_About this exercise_: Extract only the lines from the start of the entries below to the line with "Note: You can", inclusive; omit every picture.

_Data provided_:
------------------------------
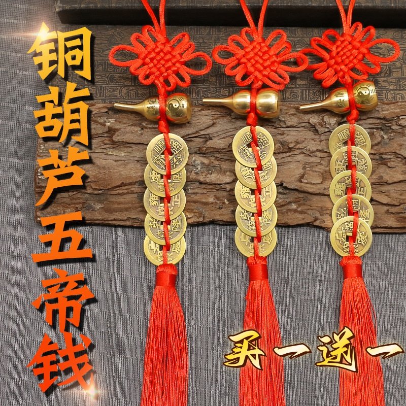 全黄铜葫芦五帝钱挂件开口化大门对门对窗户卧室横梁中国结铜钱串
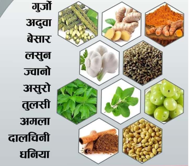 यस परिपेक्षमा यो रोगलाई जित्नको लागि हाम्रो प्रतिरक्षा प्रणालीलाई मजवुत पर्नुपर्ने हुन्छ। प्रतिरक्षा प्रणालीलाई बलियो बनाउन र कोरोना संक्रमण लाइ रोक्न निम्न लिखित जडिबुटी हरूलाई निम्न लिखित विधिले उपयोग गर्न सकिन्छ।
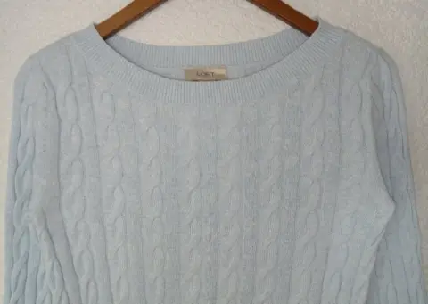 Jersey de punto de 8 de algodón, color azul claro, medidas de axila a axila 41 cm, sin detalles
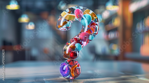 A whimsical question mark made of glass is filled with a variety of candies. A whimsical question mark is filled with vibrant candies and objects, representing curiosity and seeking answers. AI genera
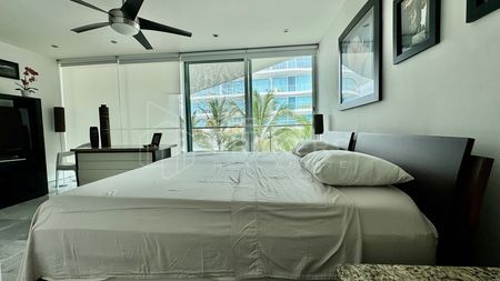 El edificio ofrece vigilancia 24/7 y acceso controlado, brindando seguridad y tranquilidad. Entre las comodidades del complejo se destacan las albercas, áreas verdes, beach club y un restaurante/bar, ideales para relajarse y socializar.
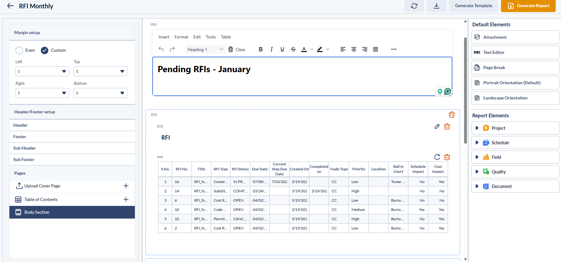 Note: You can also customize the report or template as needed when generating a new report. See to Edit Report or Template for more information.
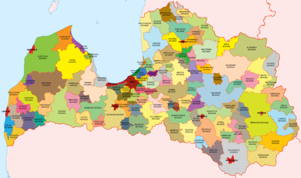 19 декабря 2008 года правительство Латвии постановило: в Латвии вместо прежних 553 самоуправлений (районов, волостей и т. д.) были созданы 109 краёв или но́вадов (латыш. novads, мн.ч.: novadi) и девять республиканских городов[3].
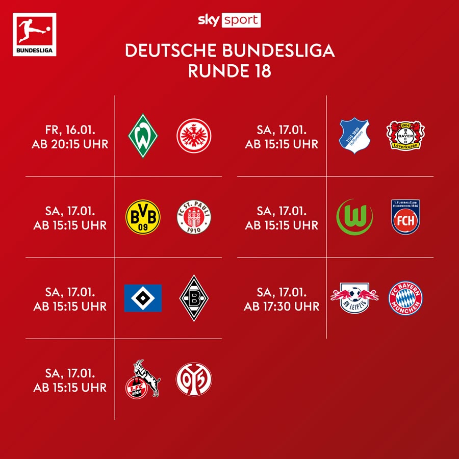 - Deutsche Bundesliga live über das komplette Wochenende: sieben der neun festen Anstoßzeiten, darunter der Freitagabend der Bundesliga
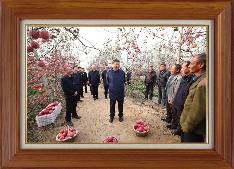 10月26日下午,习近平总书记在陕西省延安市安塞区高桥镇南沟村苹果园同老乡们亲切交流。
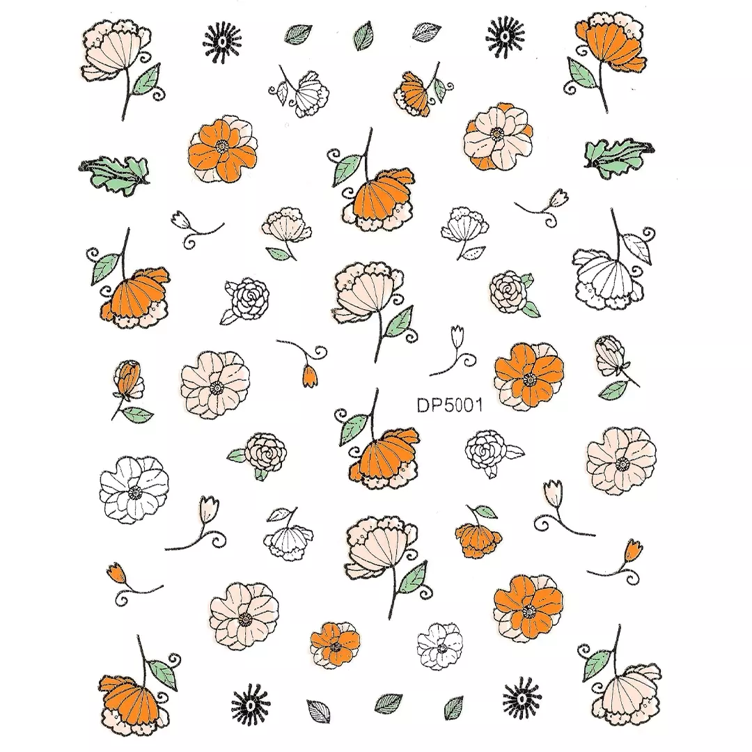 Abțibild autocolant cu motive florale și frunze aurite, modele perfecte pentru a adăuga un strop de eleganță unghiilor simple!
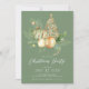 Esta elegante invitación a la fiesta de Navidades incluye una hermosa rama de pino, adornos de Navidades verdes y dorados y un árbol de oro sobre un fondo verde. La invitación es perfecta para invitar a sus amigos y familiares a una reunión festiva. El diseño general es festivo y refinado, y la invitación impresiona a los clientes.
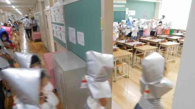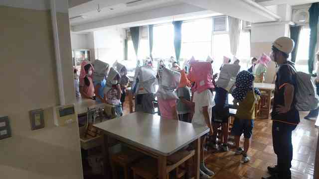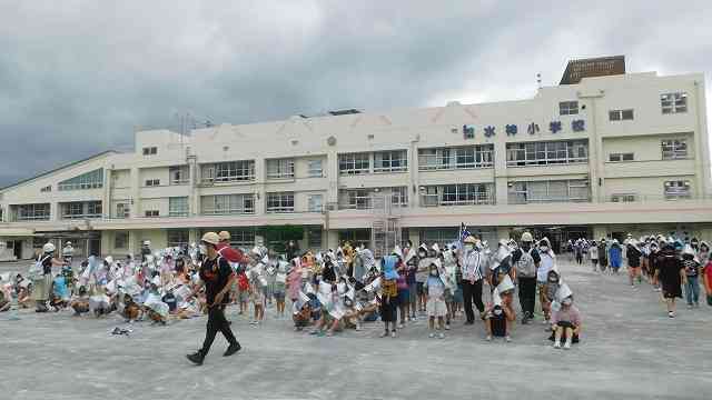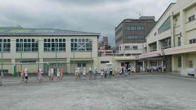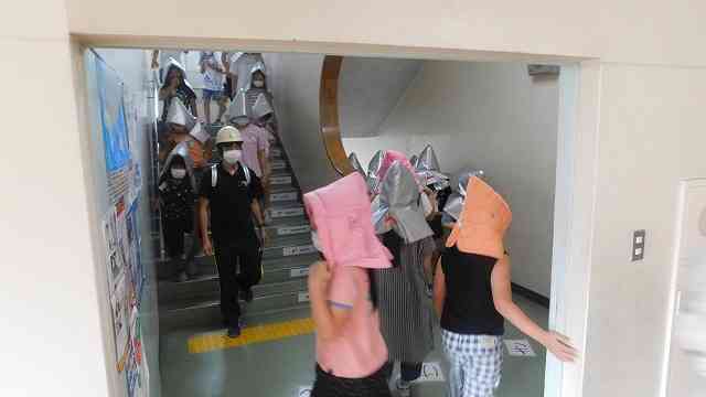 7月7日(木) 今日の2校時に、避難訓練を行いました。初めに緊急地震速報が流れ大きな地震が来るという想定です。一次避難で校庭に出ました。この後、津波、または、堤防の決壊等で水が押し寄せてくるという想定で、校舎3階に二次避難をしました。 1,2階に教室がある学年も、特別教室に避難しました。学校でなくても、津波や高潮の時は、とにかく高いところまで逃げることを確認しました。
------------------------------
_Worked solution_:
 全黄铜葫芦五帝钱挂件开口化大门对门对窗户卧室横梁中国结铜钱串
 यस परिपेक्षमा यो रोगलाई जित्नको लागि हाम्रो प्रतिरक्षा प्रणालीलाई मजवुत पर्नुपर्ने हुन्छ। प्रतिरक्षा प्रणालीलाई बलियो बनाउन र कोरोना संक्रमण लाइ रोक्न निम्न लिखित जडिबुटी हरूलाई निम्न लिखित विधिले उपयोग गर्न सकिन्छ।
 Jersey de punto de 8 de algodón, color azul claro, medidas de axila a axila 41 cm, sin detalles
 A whimsical question mark made of glass is filled with a variety of candies. A whimsical question mark is filled with vibrant candies and objects, representing curiosity and seeking answers. AI genera
 El edificio ofrece vigilancia 24/7 y acceso controlado, brindando seguridad y tranquilidad. Entre las comodidades del complejo se destacan las albercas, áreas verdes, beach club y un restaurante/bar, ideales para relajarse y socializar.
 Note: You can also customize the report or template as needed when generating a new report. See to Edit Report or Template for more information.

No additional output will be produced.